**EXERCISE BRIEF**
Your reply should reproduce the data below without a single alteration, apart from dropping the images.

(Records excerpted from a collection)
------------
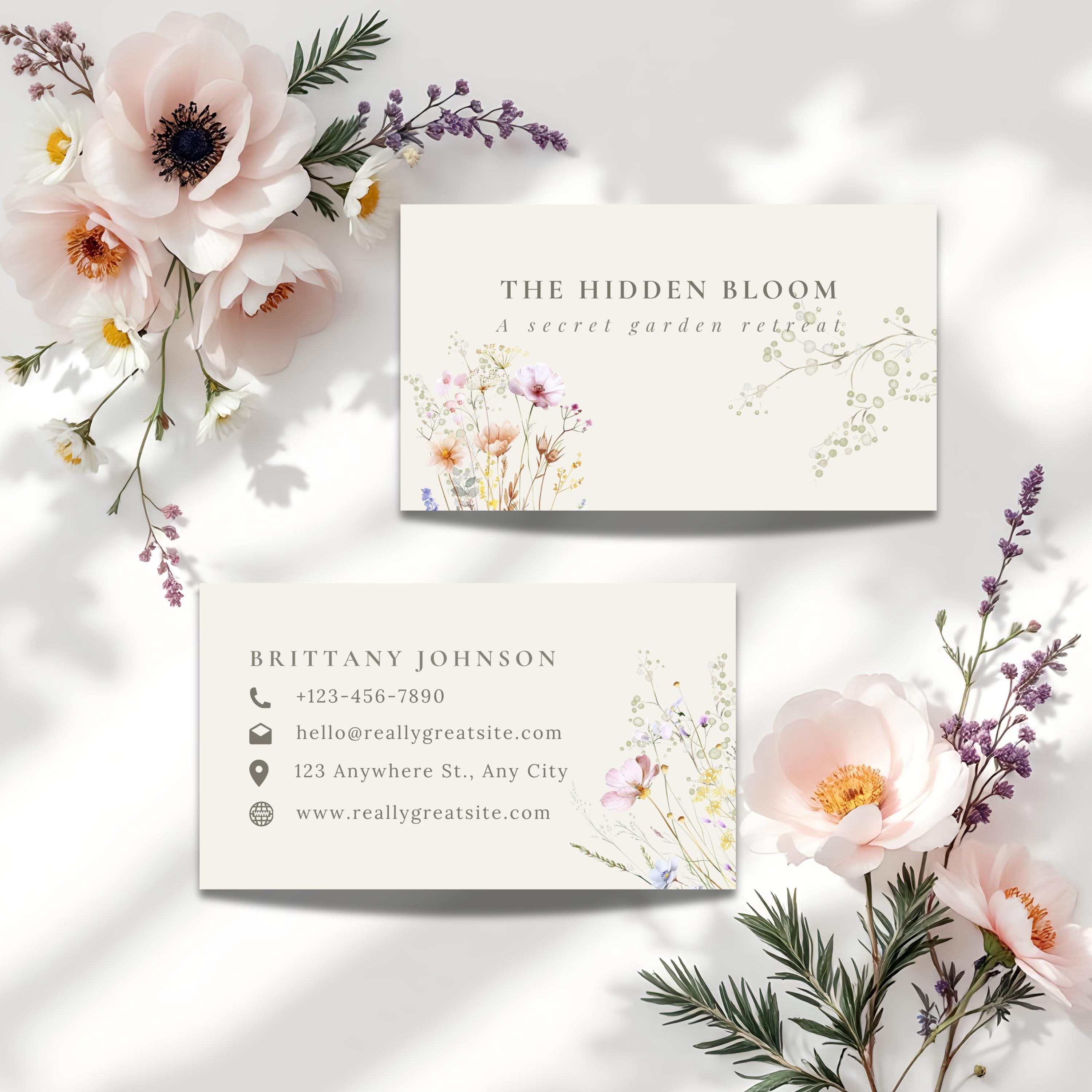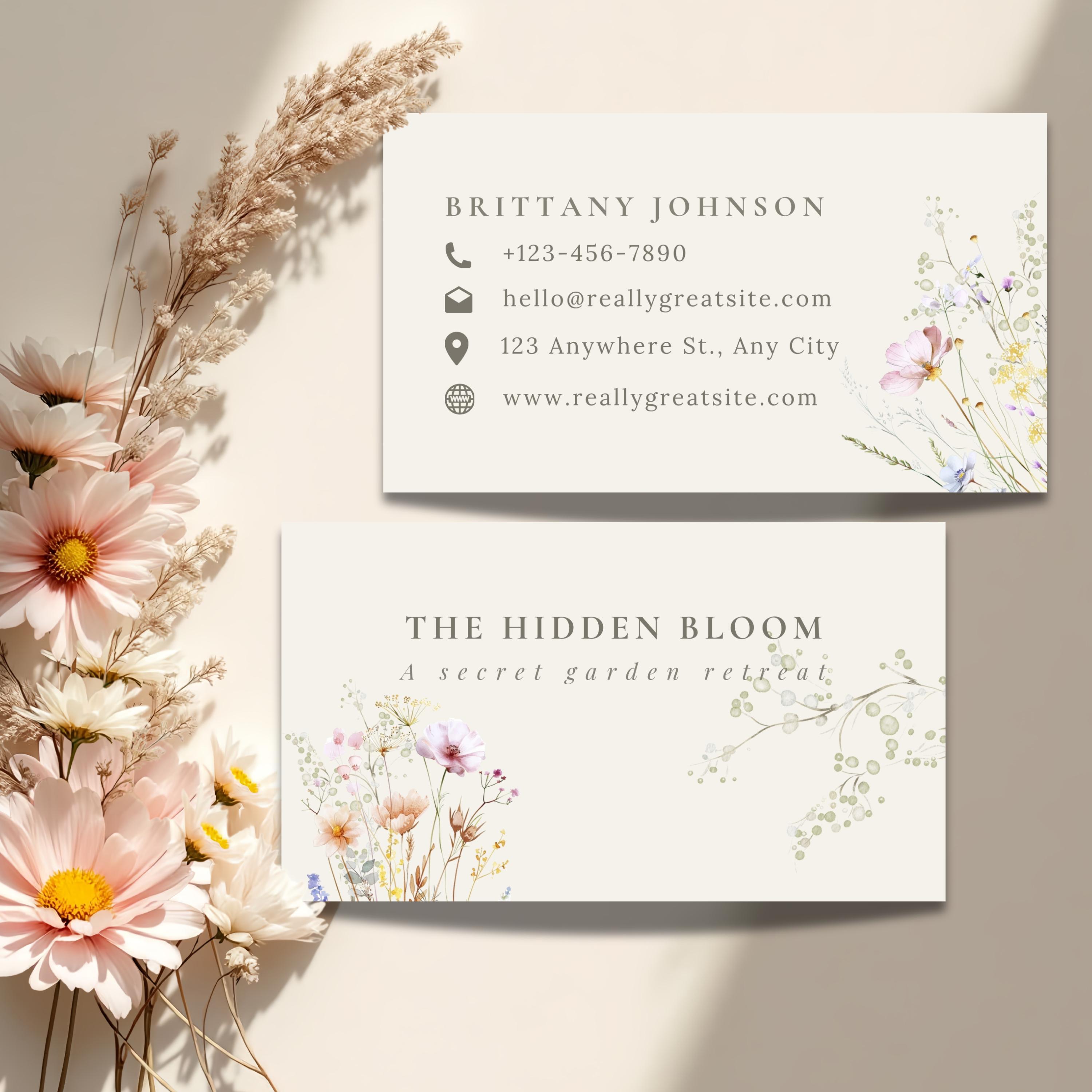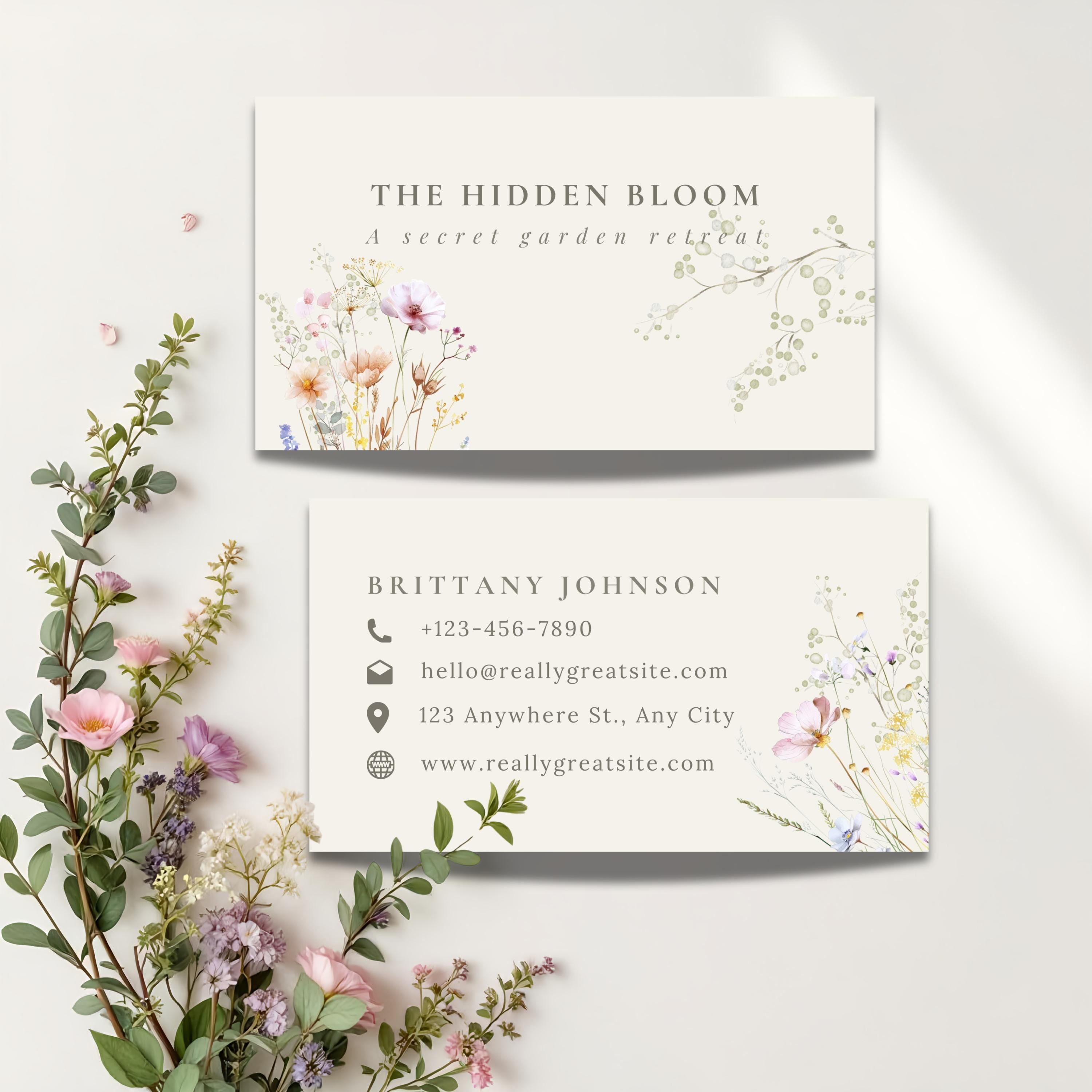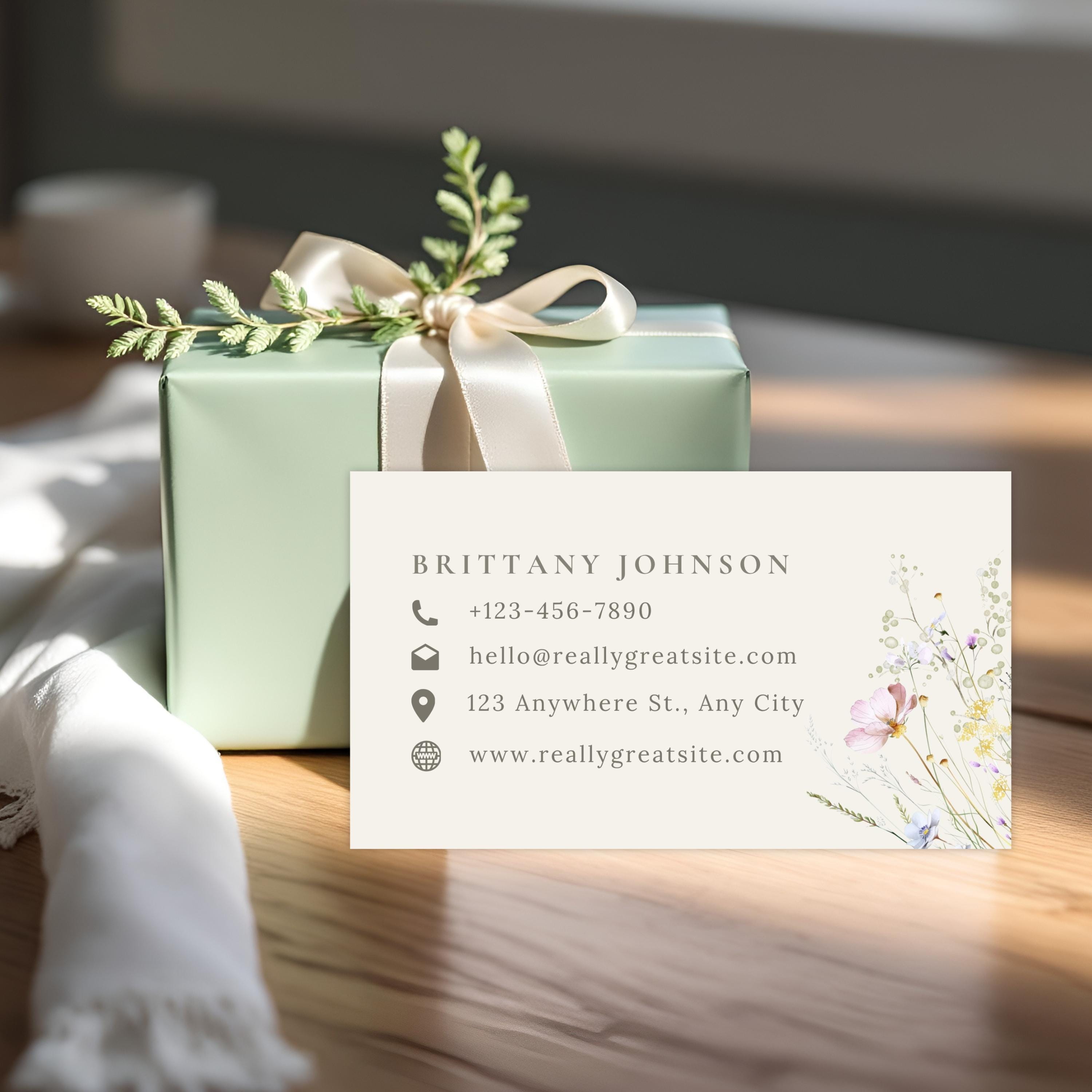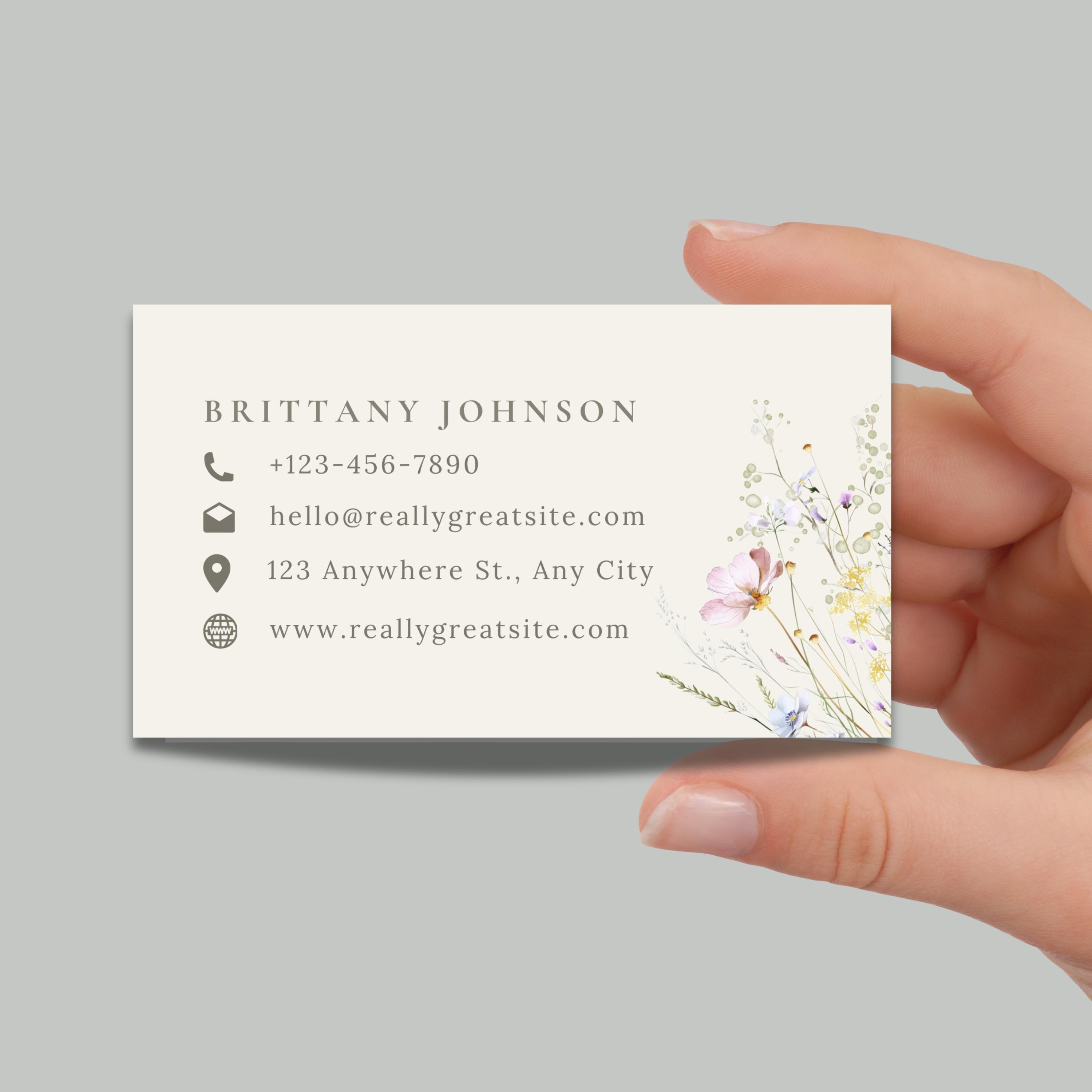 Make a lasting impression with these custom watercolor business cards, featuring a delicate wildflower design for a timeless, nature-inspired touch. The soft blush, lavender, and sage tones create an elegant, garden-style aesthetic — perfect for showcasing your brand with warmth and sophistication.
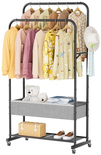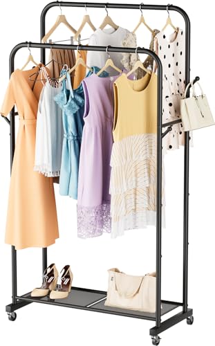 Portable Double Rail Clothes Garment Hanging Rack Heavy Entryway Hall Shelf Unit
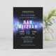 Esta elegante y moderna invitación de Bar Mitzvah presenta un tema de DJ o tema de fiesta de baile con luces de ondas sonoras coloridas sobre un fondo oscuro. Este diseño es animado y llamativo. Esta tarjeta atrae a todas las edades y es perfecta para invitar a los invitados a celebrar con su familia una celebración de Bar Mitzvah divertida, joven y bien organizada. Establecerá el tono para una ceremonia de Bat Mitzvah y una fiesta memorables.
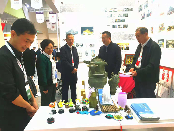 市博物館展位圖板展示了周口市博物館的基本情況,常設(shè)展覽《宛丘之上一一周口歷史文物陳列》,裴李崗文化石磨盤、戰(zhàn)國錯金越王劍等鎮(zhèn)館之寶,社會教育情況,淮陽太昊陵、鹿邑太清宮等周口市主要文物景點,以及文創(chuàng)產(chǎn)品華威民俗博物苑漢畫拓片、周口解氏仿古青銅器、周口關(guān)帝廟木版年畫、淮陽泥泥狗等,開幕當天深受廣大觀眾好評。
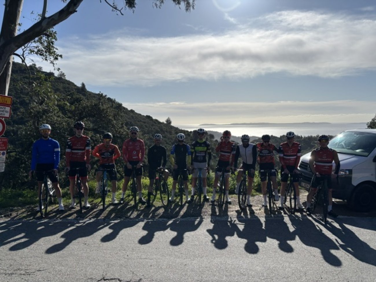 C'est mercredi matin aux aurores qu'une partie de l'équipe 1ère s'est retrouvée au siège du club afin de charger tous les matériels et équipements nécessaires à ce stage qui se déroulera sous l'autorité de Gary Grillot stagiaire DEJEPS. A 7H00 précises le convoi ( 3 véhicules ) prenait la direction du Var sous une pluie battante , mais dès le début de l'après midi, c'est sous le soleil varois que la 1ère sortie s'est tenue avec 75 km au programme, une façon de lancer ce stage avec du rythme, de la cohésion et de la bonne humeur.
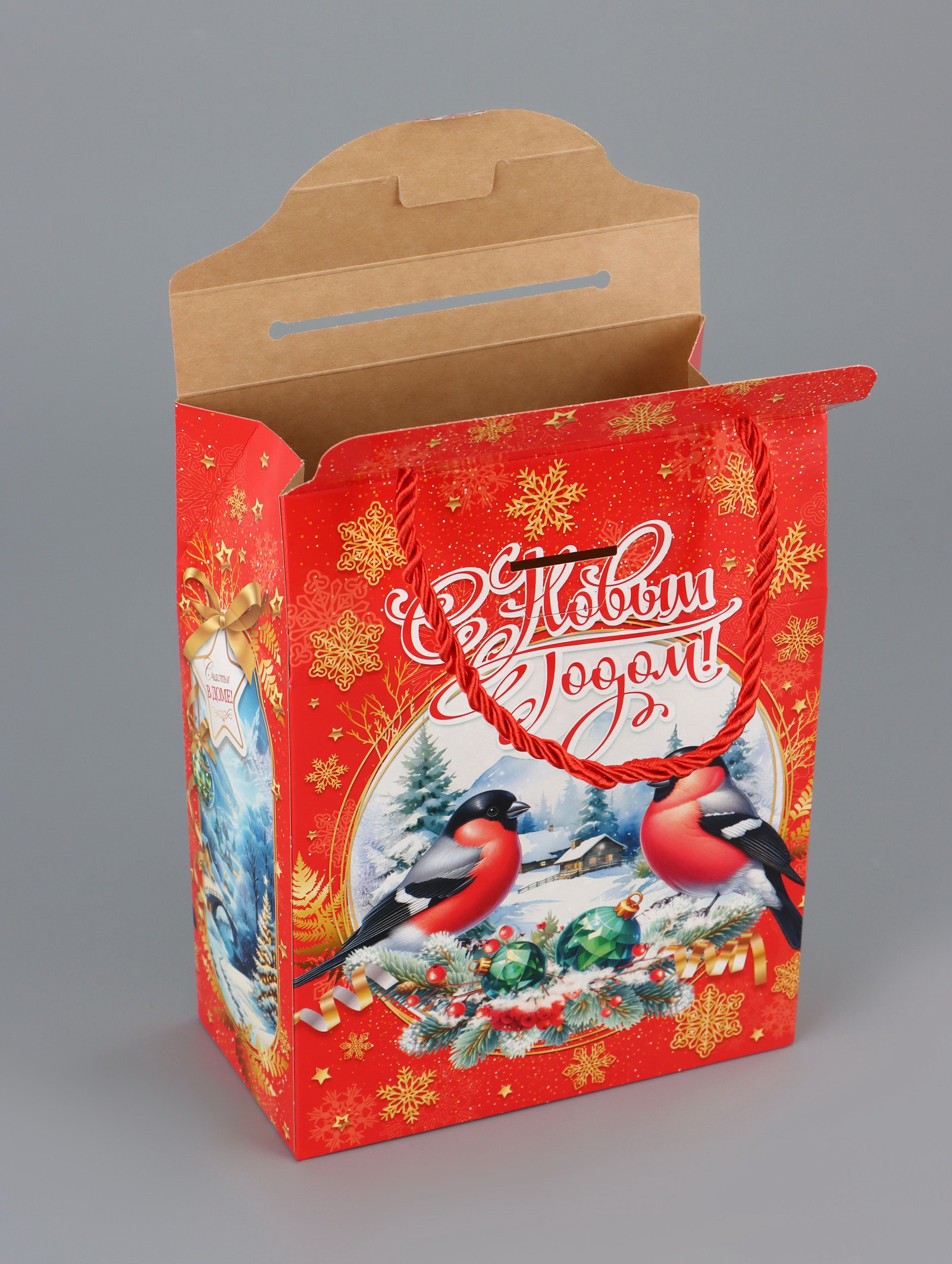 Завершающий акцент для презента: Эта коробка решает задачу эффектной подачи, экономя время на поиск упаковки. Она добавляет ценности подарку и создаёт момент радости при вскрытии. "Снегири" отличный выбор для новогодних праздников, корпоративных подарков или особых случаев. Сделайте момент дарения запоминающимся! | ||
------------
**WRITTEN SOLUTION**
 Make a lasting impression with these custom watercolor business cards, featuring a delicate wildflower design for a timeless, nature-inspired touch. The soft blush, lavender, and sage tones create an elegant, garden-style aesthetic — perfect for showcasing your brand with warmth and sophistication.
 Portable Double Rail Clothes Garment Hanging Rack Heavy Entryway Hall Shelf Unit
 Esta elegante y moderna invitación de Bar Mitzvah presenta un tema de DJ o tema de fiesta de baile con luces de ondas sonoras coloridas sobre un fondo oscuro. Este diseño es animado y llamativo. Esta tarjeta atrae a todas las edades y es perfecta para invitar a los invitados a celebrar con su familia una celebración de Bar Mitzvah divertida, joven y bien organizada. Establecerá el tono para una ceremonia de Bat Mitzvah y una fiesta memorables.
 市博物館展位圖板展示了周口市博物館的基本情況,常設(shè)展覽《宛丘之上一一周口歷史文物陳列》,裴李崗文化石磨盤、戰(zhàn)國錯金越王劍等鎮(zhèn)館之寶,社會教育情況,淮陽太昊陵、鹿邑太清宮等周口市主要文物景點,以及文創(chuàng)產(chǎn)品華威民俗博物苑漢畫拓片、周口解氏仿古青銅器、周口關(guān)帝廟木版年畫、淮陽泥泥狗等,開幕當天深受廣大觀眾好評。
 C'est mercredi matin aux aurores qu'une partie de l'équipe 1ère s'est retrouvée au siège du club afin de charger tous les matériels et équipements nécessaires à ce stage qui se déroulera sous l'autorité de Gary Grillot stagiaire DEJEPS. A 7H00 précises le convoi ( 3 véhicules ) prenait la direction du Var sous une pluie battante , mais dès le début de l'après midi, c'est sous le soleil varois que la 1ère sortie s'est tenue avec 75 km au programme, une façon de lancer ce stage avec du rythme, de la cohésion et de la bonne humeur.
 Завершающий акцент для презента: Эта коробка решает задачу эффектной подачи, экономя время на поиск упаковки. Она добавляет ценности подарку и создаёт момент радости при вскрытии. "Снегири" отличный выбор для новогодних праздников, корпоративных подарков или особых случаев. Сделайте момент дарения запоминающимся! | ||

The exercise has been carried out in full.